LO-BLISOVI FE is a Combination Oral Contraceptive that works by Combination hormonal contraceptive: ethinyl estradiol suppresses gonadotropin release, inhibiting ovulation; norethindrone induces endometrial changes, increasing cervical mucus viscosity.. DEMULEN 1/35-28 is a Combination Oral Contraceptive that works by Combination estrogen-progestin contraceptive; suppresses gonadotropin release, inhibiting ovulation; increases cervical mucus viscosity, impeding sperm penetration; alters endometrial receptivity.. They differ in pharmacokinetic profiles, FDA-approved indications, and side effect profiles.

2. Which is stronger: LO-BLISOVI FE or DEMULEN 1/35-28?

Potency comparisons between LO-BLISOVI FE and DEMULEN 1/35-28 depend on the specific clinical indication. These are both Combination Oral Contraceptive agents and are not directly interchangeable by dose. A physician or clinical pharmacist should guide any therapeutic switching decisions.

3. What is the standard dosing for LO-BLISOVI FE vs DEMULEN 1/35-28?

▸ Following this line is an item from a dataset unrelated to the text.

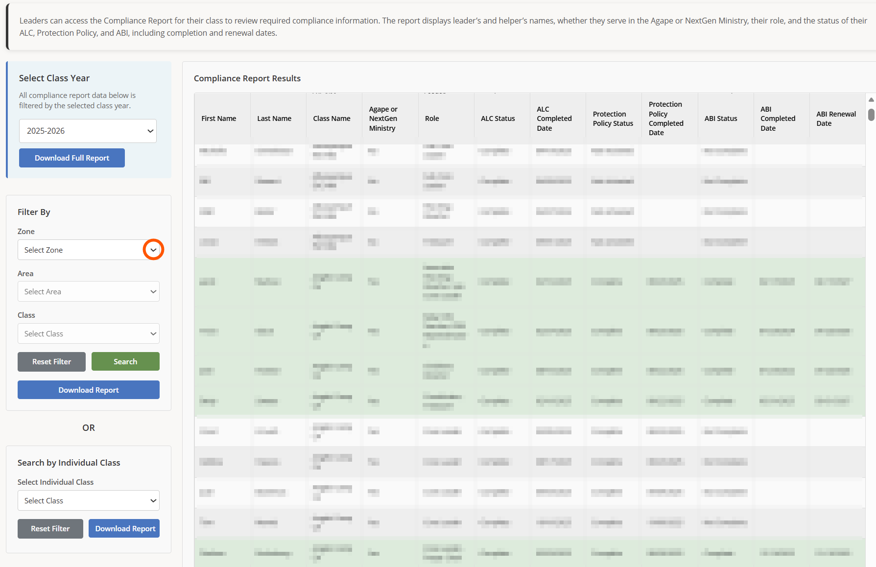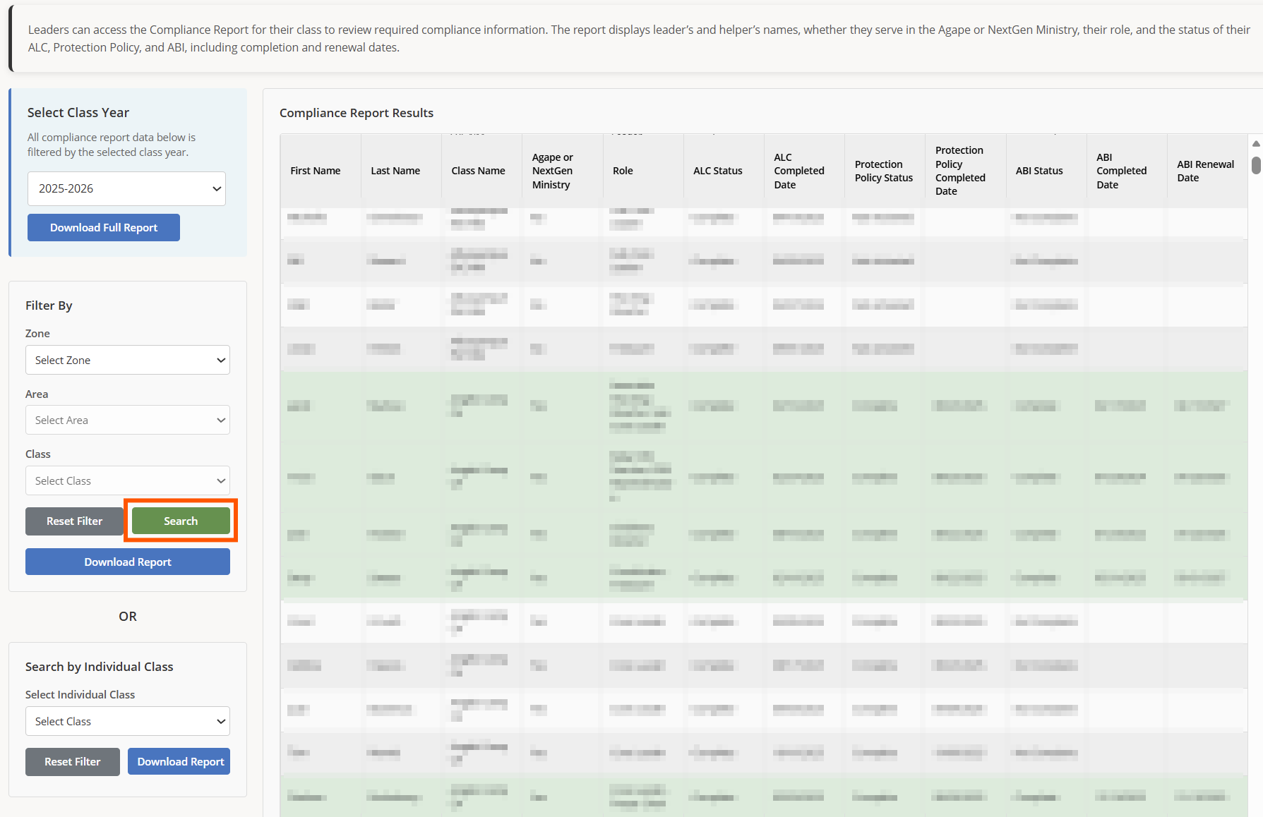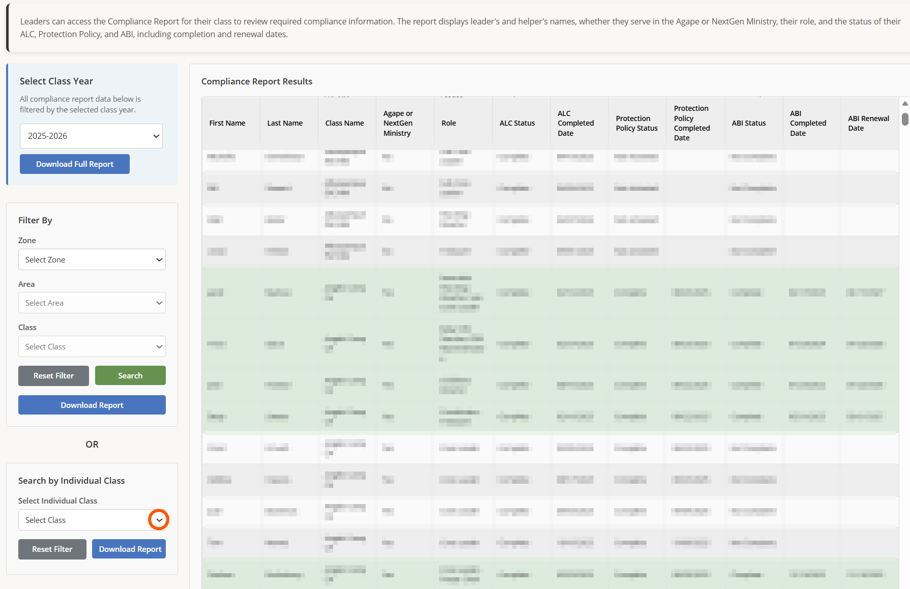 8.) Click Download Report to download the compliance report for the selected class. The file can be opened in any spreadsheet application, e.g. Microsoft Excel or Apple Numbers.

The standard adult dose of LO-BLISOVI FE is: One tablet orally once daily for 21 consecutive days, followed by 7 days of placebo tablets.. The standard adult dose of DEMULEN 1/35-28 is: One tablet (contains 1 mg ethynodiol diacetate and 35 mcg ethinyl estradiol) orally once daily at the same time each day for 21 days, followed by 7 days of placebo or no tablets.. Dosing should always be individualized based on indication, renal and hepatic function, age, and other patient factors.

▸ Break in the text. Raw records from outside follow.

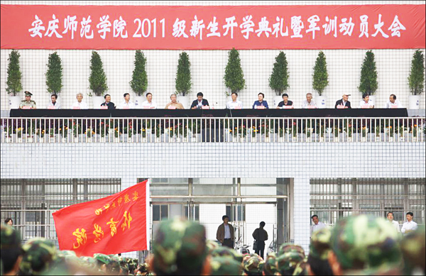 校迎新工作领导小组和军训工作领导小组全体成员、各学院新生班级辅导员、武警安庆支队官兵及2011级5800余名新同学参加了开学典礼暨军训动员大会。
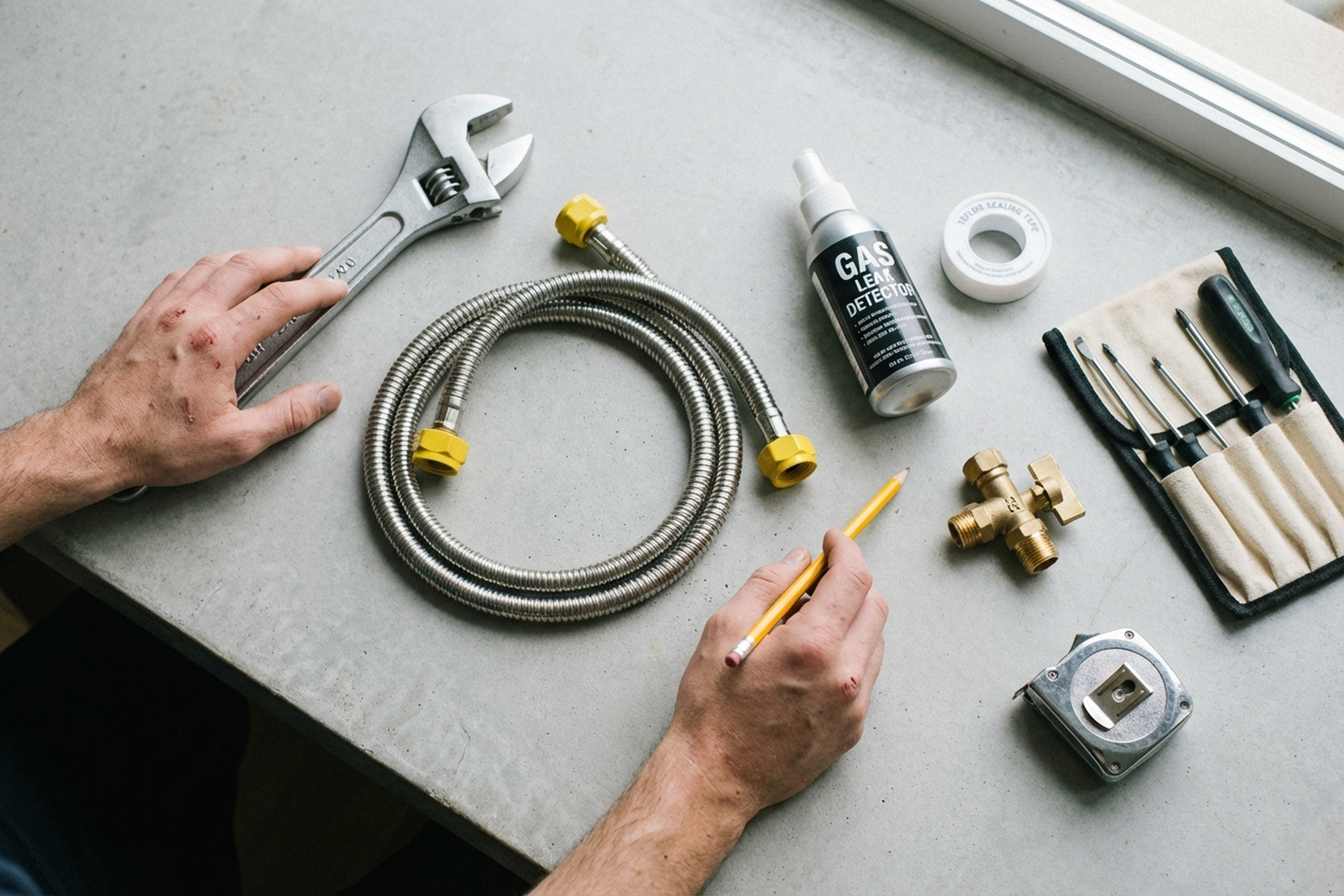 - On site, the technician checks the gas valve and pipe condition, measures the countertop cutout.
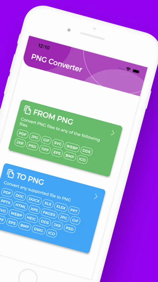 This conversion application allows you to convert any PNG image file to other files like PDF, JPG, GIF, SVG, WEBP, DDS, JXR, PSD, TIFF, EPS and BMP, it can also convert other files to PNG.
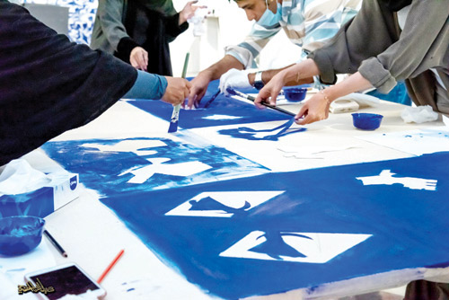 وعلى هامش المعرض أقيمت ورشة فنية تدريبية قدمها الفنان نديم كوفي حضرها عدد من الفنانين التشكيليين ليقدم لهم كوفي أسلوبه وتكنيكه الفني على مدى يومين ليقوم اكثر من 15 فناناً بإنتاج لوحة تشكيلية جماعية بذات أسلوب المعرض واعتمد بها كوفي على مفردات تجريدية تنتجها الصدفة المقصودة ليختار كل فنان مفردة ونظيرها وينفذها على الجدارية الضخمة التي قسمت إلى 16 مستطيلاً متجاورة ولتكون المفردات بتناغم فكري وذات لون واحد تعبر عن إبداعات المشاركين.
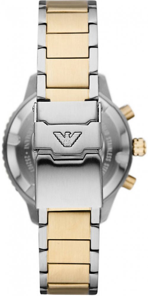Emporio Armani analogové ocel sportovní pánské bateriové - quartz pro potápění (100+ m) ocel 100 m bateriové minerální bez osazení kulaté vícebarevná zelená s luminiscencí sklapovací přezka 2.2 cm na ruku bez číslic vícebarevná ocel jednosměrně otočná 3 s dočasným svícením (luminiscence/LED) s nenáročnou údržbou (quartz) bez chytrých funkcí
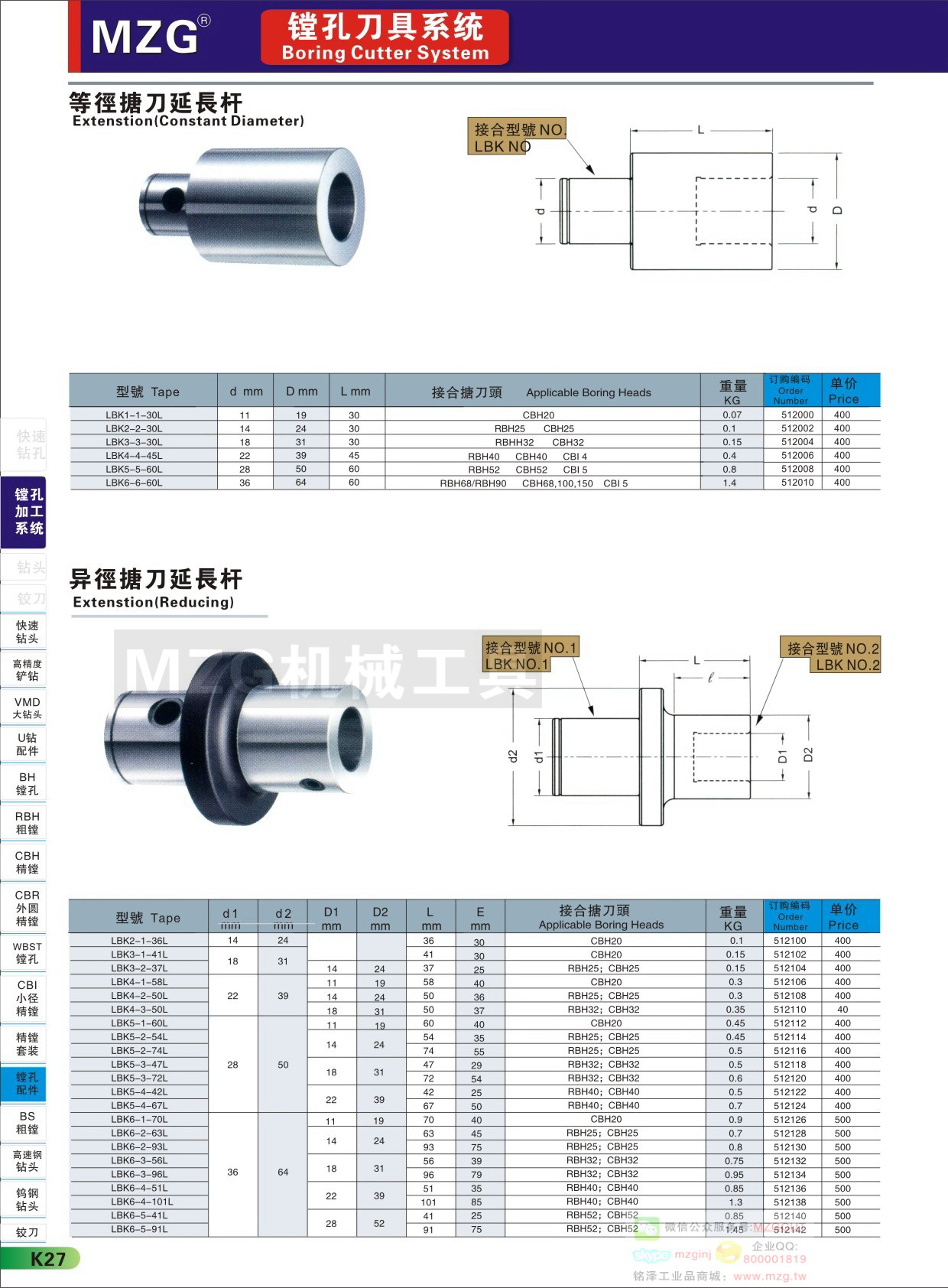 MZG品牌搪孔系統(tǒng)產(chǎn)品技術(shù)參數(shù)配件組成信息

4. Can you take LO-BLISOVI FE and DEMULEN 1/35-28 together?

No direct drug-drug interaction has been formally documented between LO-BLISOVI FE and DEMULEN 1/35-28 in current clinical databases. However, individual patient risk factors including other medications, organ function, and comorbidities should always be evaluated by a qualified healthcare provider.

5. Are LO-BLISOVI FE and DEMULEN 1/35-28 safe during pregnancy?

The maternal-fetal safety profiles differ. LO-BLISOVI FE is classified as Category C. Pregnancy category X. Combination hormonal contraceptives are contraindicated in pregnancy due to known risks to the fetus, including cardiovascular and limb defects from first-tri. DEMULEN 1/35-28 is classified as Category C. First trimester: Increased risk of neural tube defects, cardiovascular anomalies, and oral clefts (OR ~1.3-1.6). Second/third trimester: Androgenization of female fetus (clitoromeg. Always consult a maternal-fetal medicine specialist before taking either drug during pregnancy or lactation.